START LISTED RECORDS

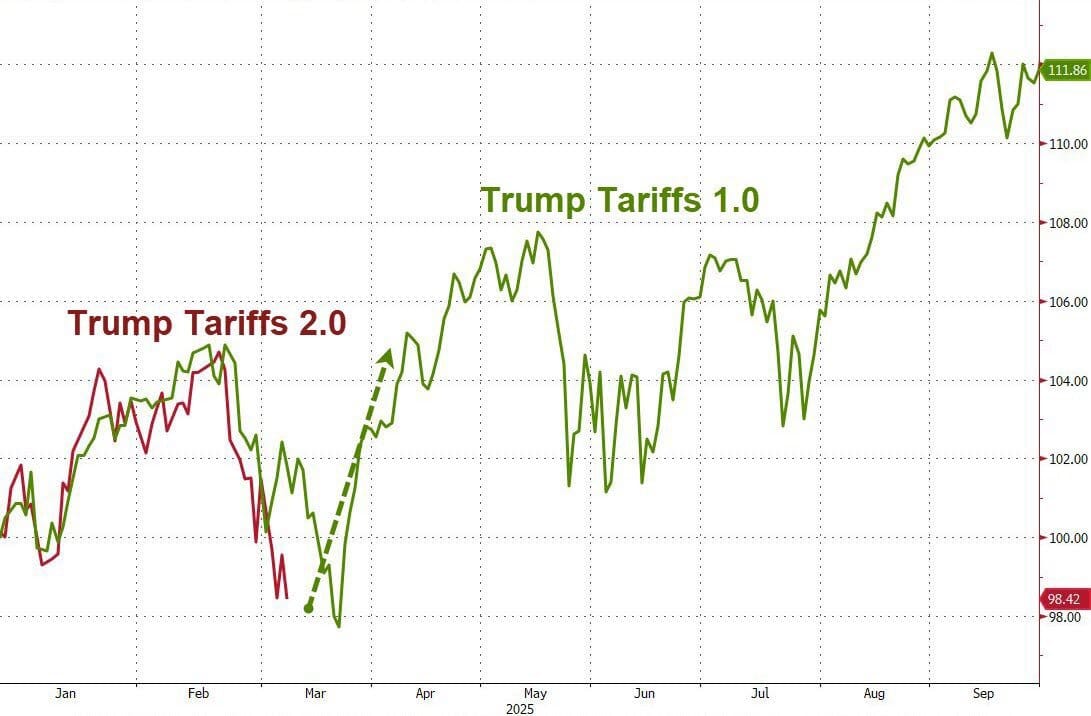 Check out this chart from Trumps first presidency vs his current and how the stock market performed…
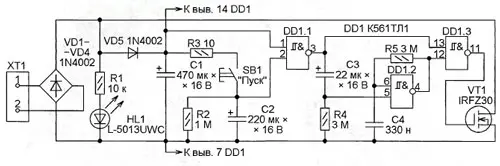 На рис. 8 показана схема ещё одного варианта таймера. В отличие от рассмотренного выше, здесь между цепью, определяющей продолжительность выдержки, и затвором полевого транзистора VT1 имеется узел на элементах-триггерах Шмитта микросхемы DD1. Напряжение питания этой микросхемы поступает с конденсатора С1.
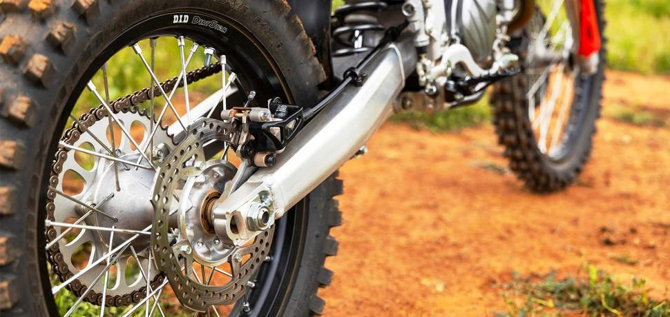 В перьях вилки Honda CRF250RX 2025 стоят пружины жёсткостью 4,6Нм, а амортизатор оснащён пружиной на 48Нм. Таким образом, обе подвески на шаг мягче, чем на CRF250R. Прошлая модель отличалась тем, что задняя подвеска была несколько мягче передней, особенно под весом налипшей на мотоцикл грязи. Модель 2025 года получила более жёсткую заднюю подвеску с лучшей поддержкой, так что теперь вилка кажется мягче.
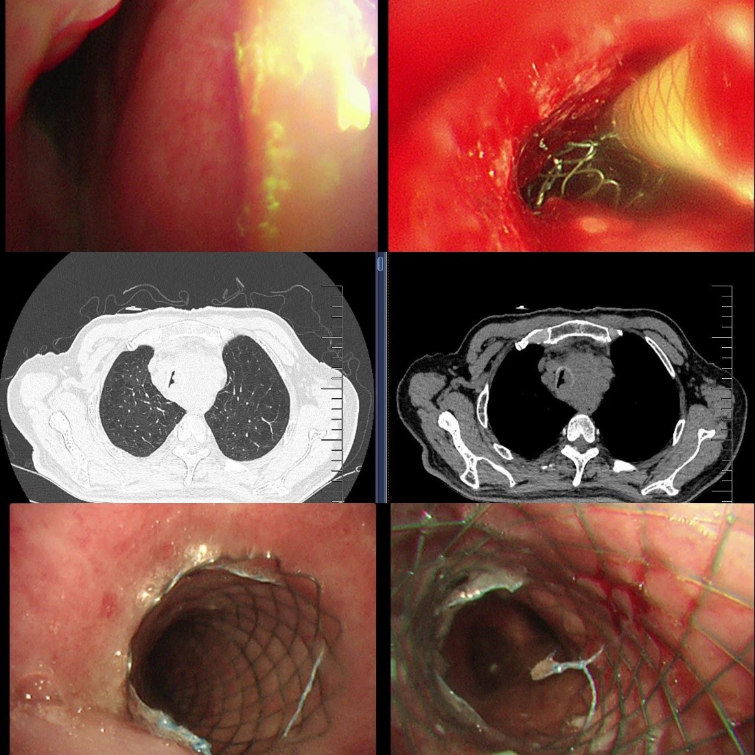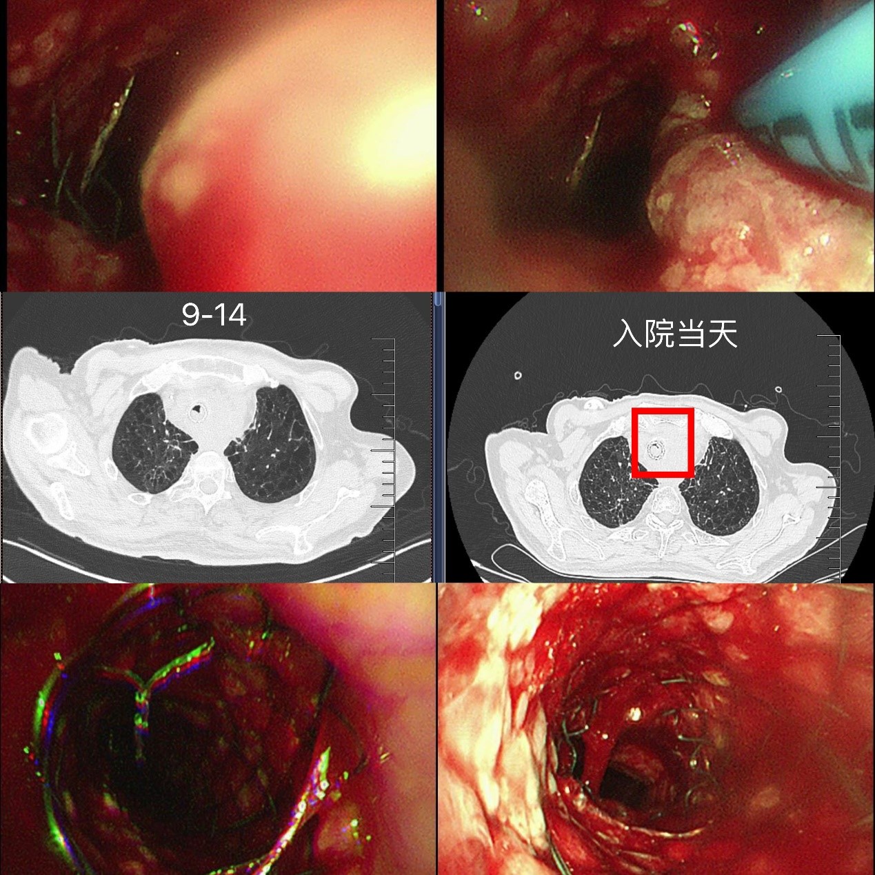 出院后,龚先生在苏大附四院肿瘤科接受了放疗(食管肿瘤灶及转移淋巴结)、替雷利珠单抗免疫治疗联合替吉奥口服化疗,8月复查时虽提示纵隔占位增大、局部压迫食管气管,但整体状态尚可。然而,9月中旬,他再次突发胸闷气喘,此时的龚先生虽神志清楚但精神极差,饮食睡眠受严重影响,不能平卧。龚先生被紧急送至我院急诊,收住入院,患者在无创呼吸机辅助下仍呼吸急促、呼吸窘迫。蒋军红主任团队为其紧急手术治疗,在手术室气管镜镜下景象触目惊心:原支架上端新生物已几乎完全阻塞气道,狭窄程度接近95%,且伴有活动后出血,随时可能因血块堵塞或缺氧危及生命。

END LISTED RECORDS
START LISTED RECORDS

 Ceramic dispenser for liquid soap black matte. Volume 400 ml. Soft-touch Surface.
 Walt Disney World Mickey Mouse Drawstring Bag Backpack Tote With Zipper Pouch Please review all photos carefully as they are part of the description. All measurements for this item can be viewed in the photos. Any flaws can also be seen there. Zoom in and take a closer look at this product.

END LISTED RECORDS
START LISTED RECORDS

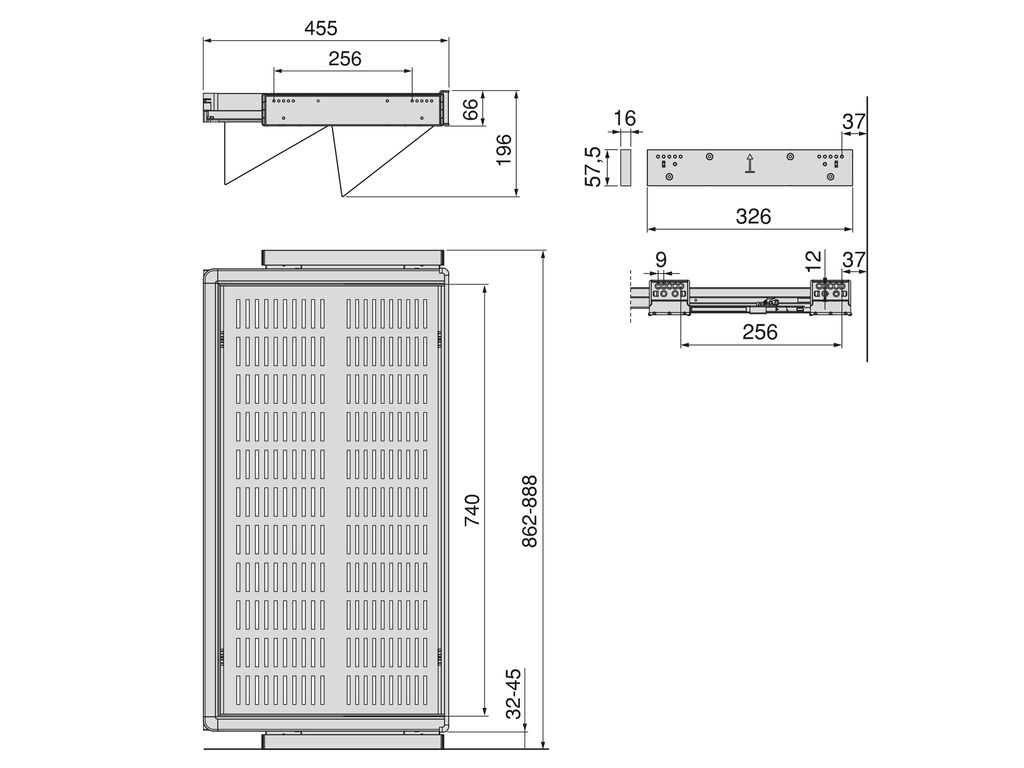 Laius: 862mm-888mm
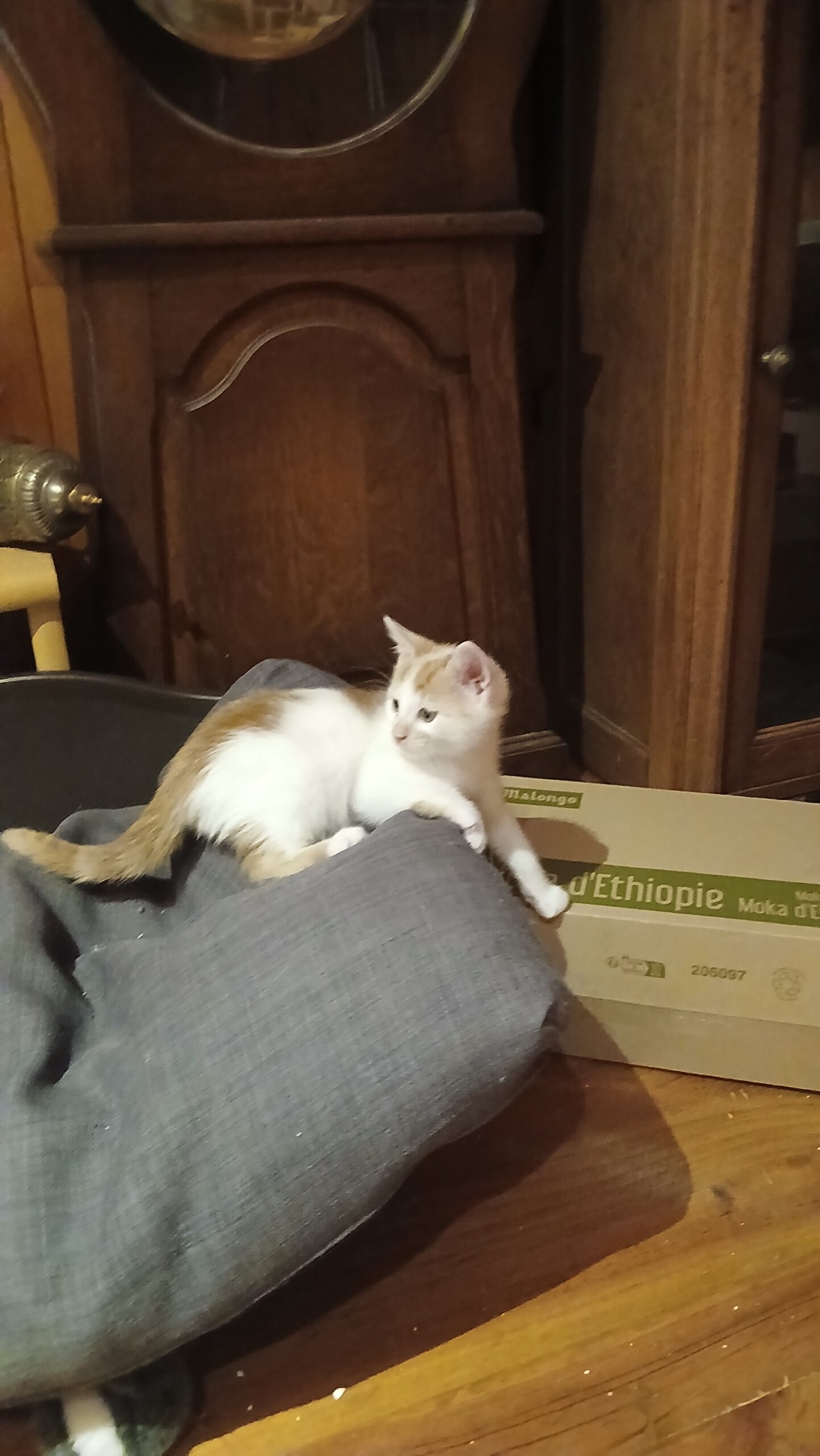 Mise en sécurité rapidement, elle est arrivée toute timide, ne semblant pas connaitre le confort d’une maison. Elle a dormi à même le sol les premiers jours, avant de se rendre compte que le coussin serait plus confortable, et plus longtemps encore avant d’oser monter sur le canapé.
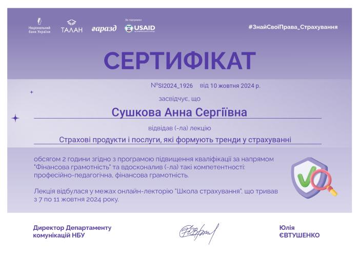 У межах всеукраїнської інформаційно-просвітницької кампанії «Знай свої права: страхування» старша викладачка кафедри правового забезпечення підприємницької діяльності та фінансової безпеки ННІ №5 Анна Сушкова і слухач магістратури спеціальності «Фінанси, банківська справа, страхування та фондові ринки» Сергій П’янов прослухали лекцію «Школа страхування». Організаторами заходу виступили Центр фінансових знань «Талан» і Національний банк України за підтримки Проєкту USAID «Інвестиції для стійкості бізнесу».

END LISTED RECORDS

EXERCISE INSTRUCTIONS: Look above for the line containing "Check out this", then copy exactly from it through the line containing "В перьях вилки", keeping both and leaving out pictures. Add nothing else.

YOUR RESPONSE:
 Check out this chart from Trumps first presidency vs his current and how the stock market performed…
 На рис. 8 показана схема ещё одного варианта таймера. В отличие от рассмотренного выше, здесь между цепью, определяющей продолжительность выдержки, и затвором полевого транзистора VT1 имеется узел на элементах-триггерах Шмитта микросхемы DD1. Напряжение питания этой микросхемы поступает с конденсатора С1.
 В перьях вилки Honda CRF250RX 2025 стоят пружины жёсткостью 4,6Нм, а амортизатор оснащён пружиной на 48Нм. Таким образом, обе подвески на шаг мягче, чем на CRF250R. Прошлая модель отличалась тем, что задняя подвеска была несколько мягче передней, особенно под весом налипшей на мотоцикл грязи. Модель 2025 года получила более жёсткую заднюю подвеску с лучшей поддержкой, так что теперь вилка кажется мягче.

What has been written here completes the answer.